The move from 32 to 64 should be smoother, Borozan said, echoing Gates. The 64-bit hardware is catching on substantially faster than did 32-bit processors. In just two years 64-bit computing has gone from a future technology to a decided here-and-now reality. Microsoft is building some of its 64-bit operating systems to handle both 64-bit and 32-bit processing requirements.
Microsoft is all about 64-bit processing these days. At WinHEC the Redmond, Wash.-based company announced the Windows XP Professional x64 edition and Windows Server 2003 x64, both of which work on 64-bit microprocessors.
The operating systems improve on their 32-bit predecessors in terms of security with a “no execute” capability that foils many malicious programs, according to Gates, and quicker processing, which should appeal to computing powerhouses like animation studios.

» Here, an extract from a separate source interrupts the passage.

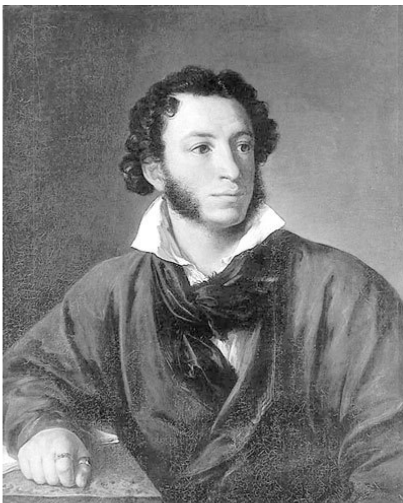
В.А. Тропинин. Портрет Александра Сергеевича Пушкина. 1827 г.

Gates said some Microsoft customers would benefit from 64-bit processing sooner than others. “We’re going to see this quite rapidly on the server,” he said, pointing out that terminal services operating on 64-bit platforms perform nearly three times faster than those running on 32-bit platforms.
“On the client, it will take more time,” since most desktop users don’t immediately need the performance enhancements that 64-bit computing affords, Gates said.
“We’re really dependent on what’s going on with the hardware drivers,” he said, imploring driver makers to keep pace with the 64-bit trend and build drivers that work with the new systems.
In his keynote Gates also outlined features in Microsoft’s upcoming operating system, code-named “Longhorn,” such as a new graphical user interface with animated windows, virtual folders that collect all of a particular kind of document – sorted by author, size, type, anything – according to user-set parameters, and improved image resolution.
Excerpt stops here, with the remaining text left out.